Cultural Issues Makes Employee Uncomfortable

imagesThis question came in from one of Dacri’s HR HelpLine clients.

Question: I have a male international worker who has made one of my female non-international worker uncomfortable with some of the comments he has made to her. I am going to address this with him, but I want to make sure I handle this correctly. Some of the comments were how she needs to learn to cook for her husband and the like. She said he also has an attitude that she can’t handle some of the tasks because she is female. I know the Jamaican culture is quite different from here, so I want to let him know that he is making her uncomfortable without discounting what he believes to be true…Any insight you can provide, will be most helpful.
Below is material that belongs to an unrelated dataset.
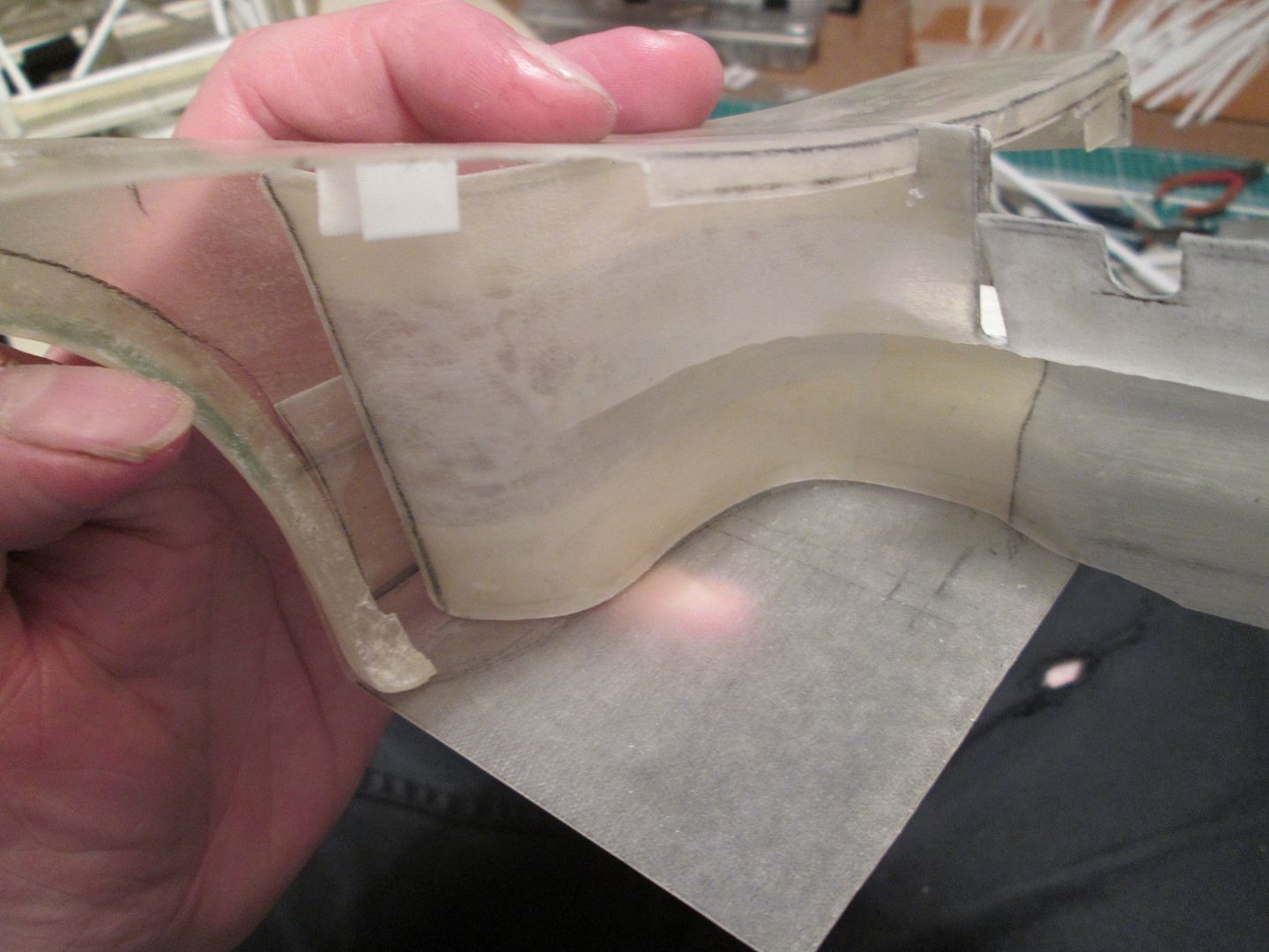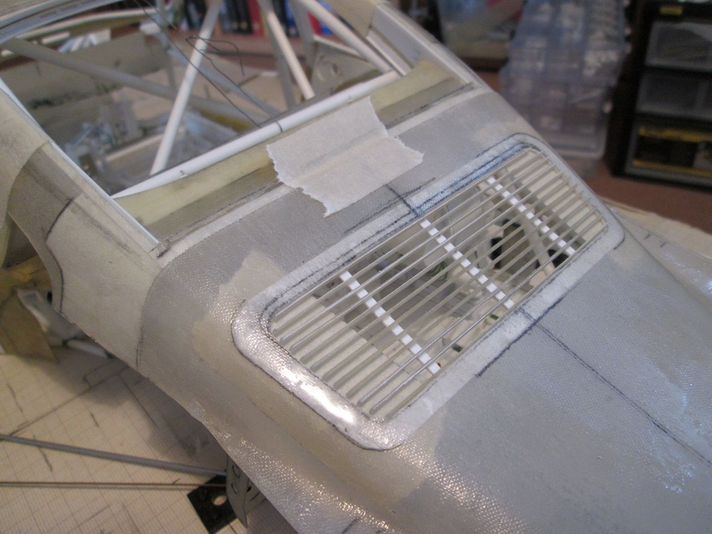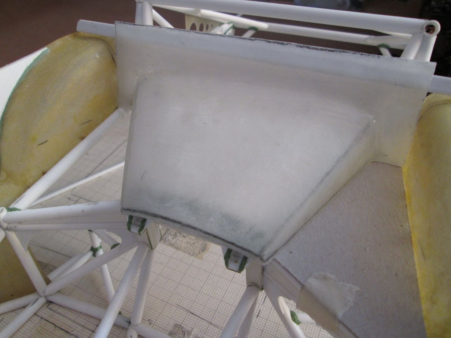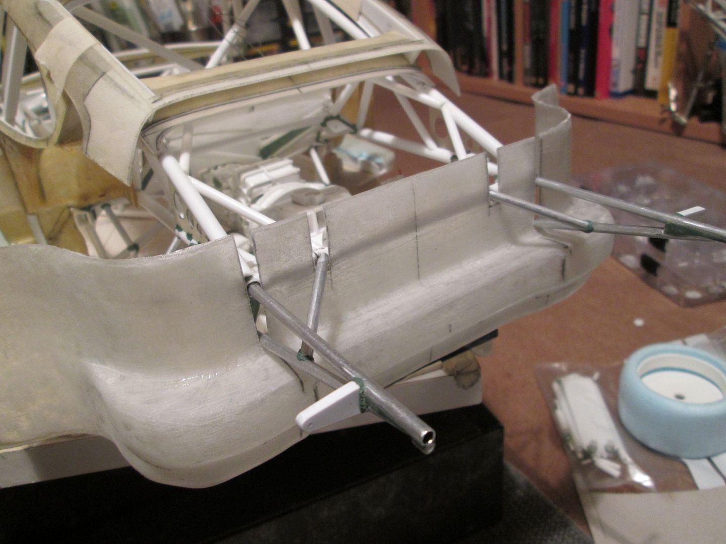 Odd time for an update (from me, anyway) but I've reached a good point in the build and wanted to show what I've been doing before getting on with the next job. I've certainly had a productive week, but I'll start with the mk2 bumper panel which made a brief appearance during the last update. The extra height I added to the mould has allowed me to get a better fit where the outer ends of the bumper panel are wedged into the rear wings / fenders: ![]() ![]() Getting this to work properly has been frustrating at times, and still needs more effort before I'm ready to start gluing parts together. I'm still reluctant to cut the bumper panel into the three sections just yet, as it's too useful to have it in a single piece. The angled panel over the top of the turbo units appears to work well - it should provide enough room for everything to fit. I'll return to these parts in a while. Next, a piece of destruction rather than construction. When I had the mk1 version of the bumper panel I realised that the turbo exhaust pipes were not going to be in the correct position. I'd modelled them as being horizontal, but the engine actually sits in the car at nose-down angle - so the tailpipes were now pointing upwards. Now, I'm not claiming total accuracy for my bumper panel measurements, but I knew that I couldn't make it all work as it was - the best solution was to adjust the angle of the tailpipes. Rather than completely re-make these parts, I made a pair of new flanges from styrene tube and half-round section, then separated the old flanges from the tailpipes: ![]() Moving on to this week, I decided to spend time on the rear wing - the mainplane was easy enough to trim to length, but that still left the main supports to work out. Once I'd settled on a shape for a template, I cut five panels for each support from a mix of 0.75mm and 0.4mm styrene, giving a total thickness of just over 3mm. I then added a length of 1/8" ali tube to create the leading edge, and to provide some strength and (hopefully) structure: ![]() As I glued the styrene panels together I created a channel in the front edge, into which I could pin and glue the ali tubes: ![]() From here it was a question of shaping and filling the trailing edge to create more of a teardrop profile, then adding brackets to attach the mainplane. The stay is small-diameter ali tube with a length of wire inside, with 3mm styrene rod and hex used to create the rod-end joint detailing. I kept a small piece of the left-over mainplane to use as a place-holder, rather than risk screwing up the actual part: ![]() More of this later! Working on the wing and the engine cover extension panel gave me the impetus to tackle the rear grille. I worked out the basic measurements, and used one of my photos of the Silverstone Kremer 935 to get measurements for the spacing and the thickness of the grille slats. Thin styrene would have been ideal, but I was concerned about it distorting over time when glued together, so decided to use some of my flat-sheet fibreglass instead: ![]() I cut the slats approx. 2.5mm wide by about 100mm long, then made the three supports from 2mm wide styrene. The fiddly part was adding the extra lengths of styrene across each support to create the correct spacing, but they were easy enough to trim to length afterwards. I then taped the three supports in place on a piece of cardboard, and started CA'ing the slats into position: ![]() The slats were then cut to length to match the shape of the hole I was busy cutting into the rear deck. The hole edges were built-up with layers of styrene sheet and lengths of strip, as I worked out how to create the rest of the grille. Mesh was added to the underside and CA'd in place, with 3mm strip added as extra support. Finally, another styrene plate was cut which would fit around the whole lot and hold the grille in position: ![]() ![]() Eventually the grille section will be painted black and can be glued into the rear deck panel. I've shaped the outermost ends of the slats to follow the curve of the bodywork, too. So far, I'm very happy with the result - it's not a job I'd planned to do this week, but given the time it's taken I'm glad I did! Here's a shot of the rear deck with both the wing and grille panel in place - I trimmed the wing end-plates to size and pinned them into the styrene inserts shown last time. I added two small lengths of 1/8" ali tube into the trailing edge of the mainplane to create sockets - I then glued small styrene pegs onto the inner face of the endplates so that they were held at the correct angle. In time the whole lot will be glued together properly, but for now it's staying loose: ![]() ...and here's the required shot of the full car, with nose and whale-tail in position! ![]() I have to do this from time to time, as it reminds me of what I'm working towards - getting the wing and grille sorted are both sizeable jobs crossed off the 'to do' list. So, it's definitely been a productive week - and it's still only Friday. The next job I'm planning to tackle is the floor: I want to get some strength into the chassis structure, as the front end is vulnerable until the main roll-cage is added. Styrene sheet is too flexible, fibreglass is better but not good enough...maybe if I had a sheet of carbon-fibre I could use? More on this next time...! All the best, SB |

Expert Advice: While it is important to be sensitive to different cultures and an individuals personal beliefs, that does not give anyone license to espouse their beliefs to all. I would pull him aside, let him know that you have something to discuss with him that may make him uncomfortable, but his comments (walk him through them) are making some people uncomfortable. Let him know that this kind of language is unacceptable in the workplace and you expect it to stop immediately. At this point, stop talking and wait for his response. Assuming it goes well (it should), tell him you hope this is the end of it. Then, document your discussion. Let the female employee know you’ve talked to him and let her know if it happens again to let you know immediately. If it does happen again, I recommend a formal written warning, but let’s further discuss at that point.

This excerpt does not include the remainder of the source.